THE CLEAN HOUSE


How’s this for a cast of characters? Lane, a doctor (and doctor’s wife) who wants nothing more than to live in a clean house.  Matilde, Lane’s Brazilian cleaning lady, who loves jokes almost as much as life itself but doesn’t like cleaning house—not one bit.  Lane’s sister Virginia, who loves to clean house so much that simply cleaning her own is not enough for her. Lane’s surgeon husband Charles, who wants to leave Lane for Ana.  Ana, Charles’ Argentinean patient and paramour, who has breast cancer. Characters who meet and interact in what playwright Sarah Ruhl describes as “a metaphysical Connecticut,” in “a house that is not far from the city and not far from the sea.”

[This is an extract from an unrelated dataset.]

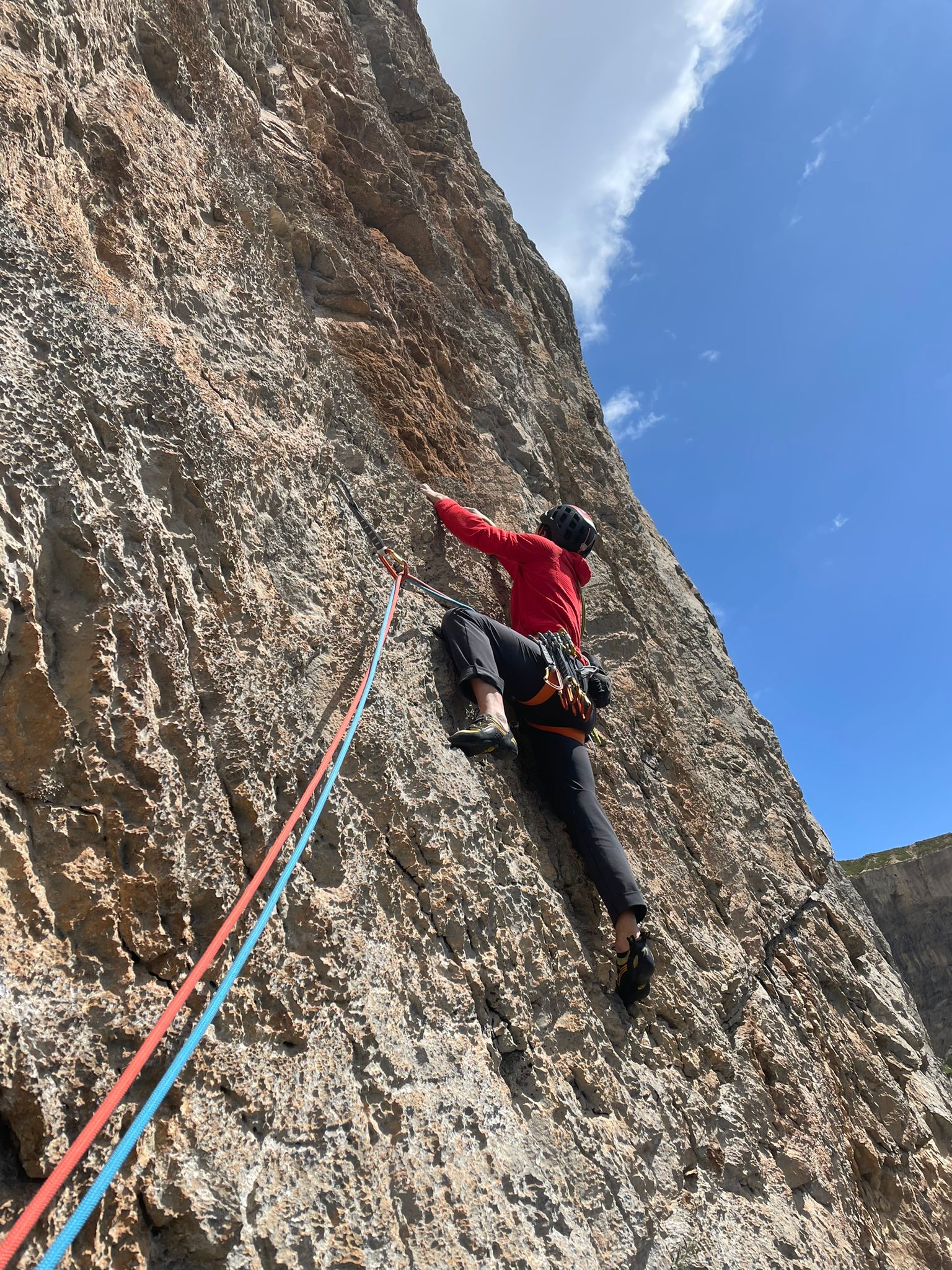 L.6: V cengia e poi muretto per raggiungere la sosta alla destra di un diedro rosso
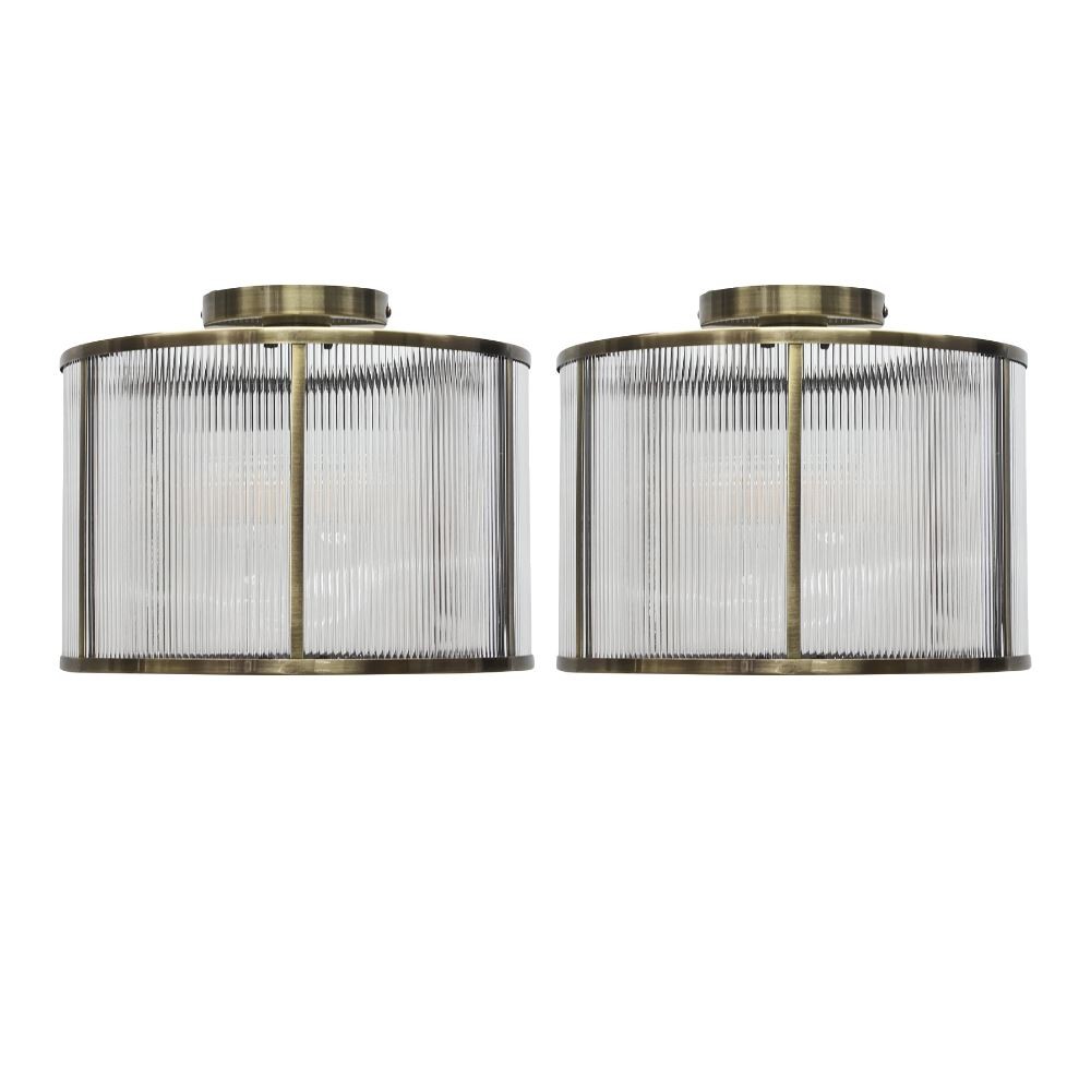 Set of 2 Modern Antique Brass With Ribbed Diffuser Flush Ceiling Light Fittings

Probably only Ruhl, the Pulitzer Prize and Tony Award-nominated author of Eurydice and Dead Man’s Cell Phone, could prove herself capable of taking such charmingly odd characters and coming up with the quirky, whimsical, and ultimately quite moving soufflé that is The Clean House.   

Now playing at Long Beach’s International City Theatre, Ruhl’s 2004 gem shines brightly in a production which enchanted this reviewer from its hilarious opening monolog (a joke told entirely in Portuguese without translation) to its transcendent finale. 

The world Ruhl creates in The Clean House is one where apples thrown from a balcony in one part of town fall into a living room in another part of the city because they occupy adjacent spaces on a theater stage, and where the people in one character’s fantasy are visible to another character because the actors playing them are on stage next to her.  Rhul’s is a world in which jokes are funny even when we can’t understand a word being spoken and where people can quite literally die laughing.  It is a magical place that casts its unique spell from that very first joke em português.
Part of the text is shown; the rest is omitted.